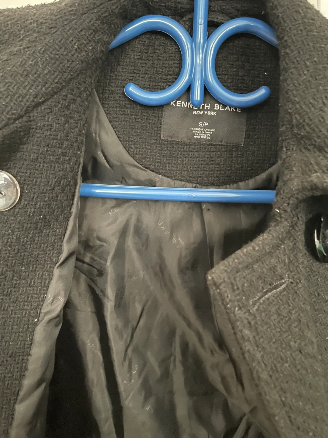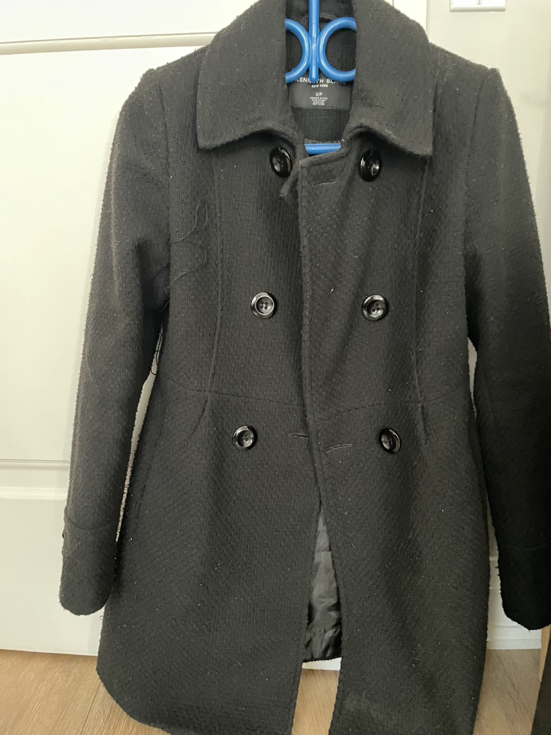 This black coat is from Kenneth Cole New York. It's a size S/P. Double-breasted with button closure. It's made of a wool blend fabric.
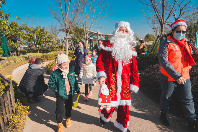 El Jardín de Padres e Hijos de Jigao-Jing tiene un tema diferente cada mes, y la Navidad se acerca, y el Jardín de Padres e Hijos de Jigao-Jing también está lleno de un aire navideño. Ya sea el muñeco de nieve exhibido en la entrada del Reino del Tesoro Conejo, el alce y el carruaje con luces de colores colgadas, o el enorme árbol de Navidad de Lollipop en el césped central del Reino del Tesoro Conejo, todo está lleno de una sensación de cuento de hadas navideño.
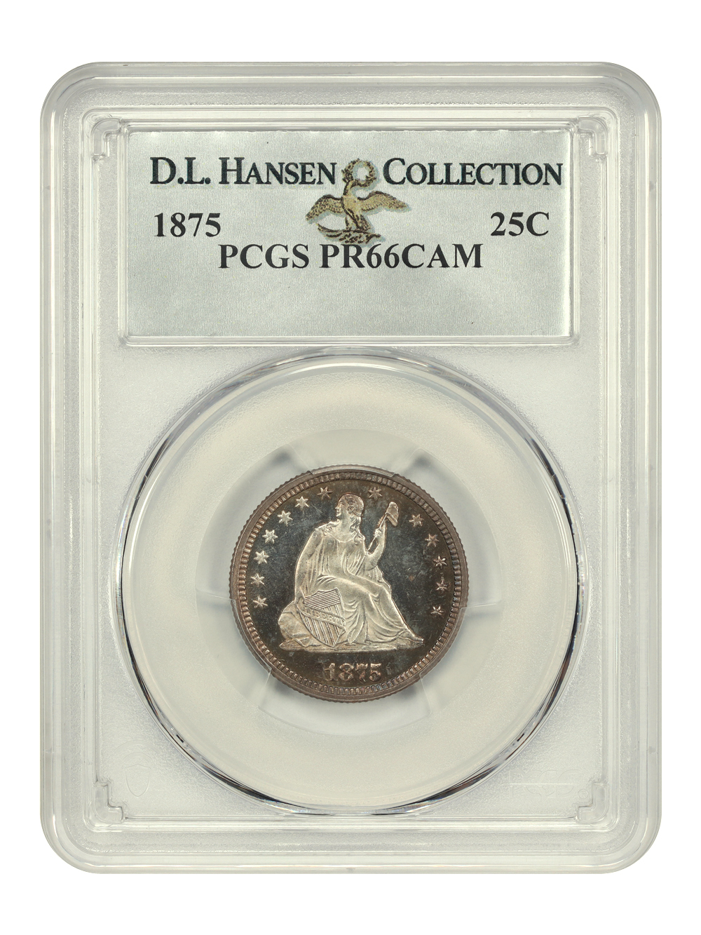 Reverse: The centerpiece of the reverse is the so-called "heraldic eagle" with wings fully spread and emblazoned with a shield replacing the chest. A ribbon bearing the motto E PLURIBUS UNUM hangs from the beak. The eagles right talon holds bundle of arrows and an olive branch in the right. Above the eagle's head are a group of stars and clouds with the words UNITED STATES OF AMERICA at the top periphery. The denomination of 25 C. appears at the bottom.
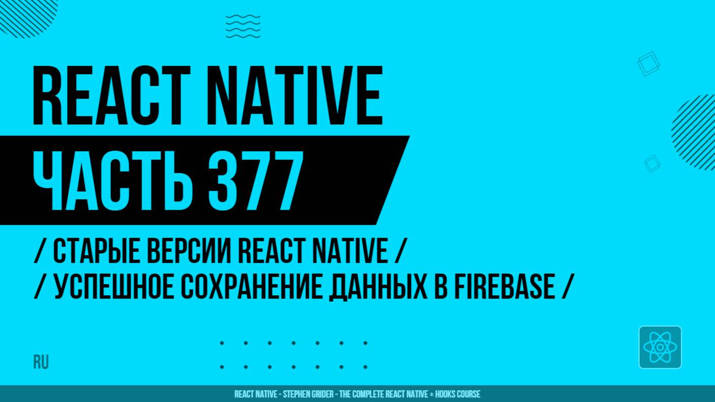 React Native - 377 - Старые версии RN - Успешное сохранение данных в Firebase
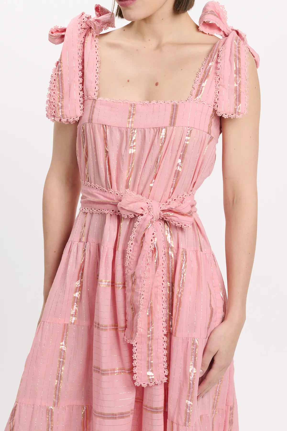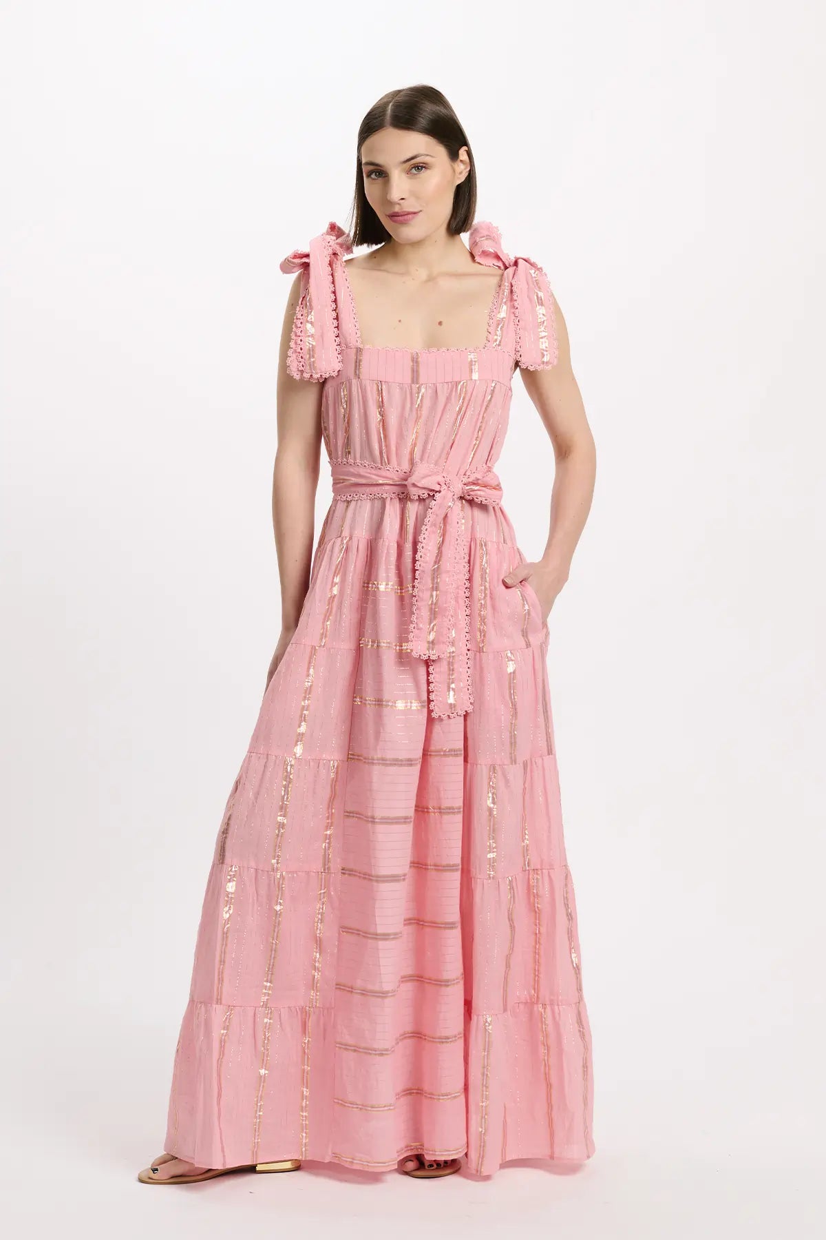 The chic Aly Dress from Miss June is so glamorous with its long tiered skirt and metallic thread glistening as it captures the light.

Try it
Which lines run from the one containing "Reverse: The centerpiece" to the end of the data above? Set down those lines exactly, and only those, without any pictures.

Solved exercise
 Reverse: The centerpiece of the reverse is the so-called "heraldic eagle" with wings fully spread and emblazoned with a shield replacing the chest. A ribbon bearing the motto E PLURIBUS UNUM hangs from the beak. The eagles right talon holds bundle of arrows and an olive branch in the right. Above the eagle's head are a group of stars and clouds with the words UNITED STATES OF AMERICA at the top periphery. The denomination of 25 C. appears at the bottom.
 React Native - 377 - Старые версии RN - Успешное сохранение данных в Firebase
 The chic Aly Dress from Miss June is so glamorous with its long tiered skirt and metallic thread glistening as it captures the light.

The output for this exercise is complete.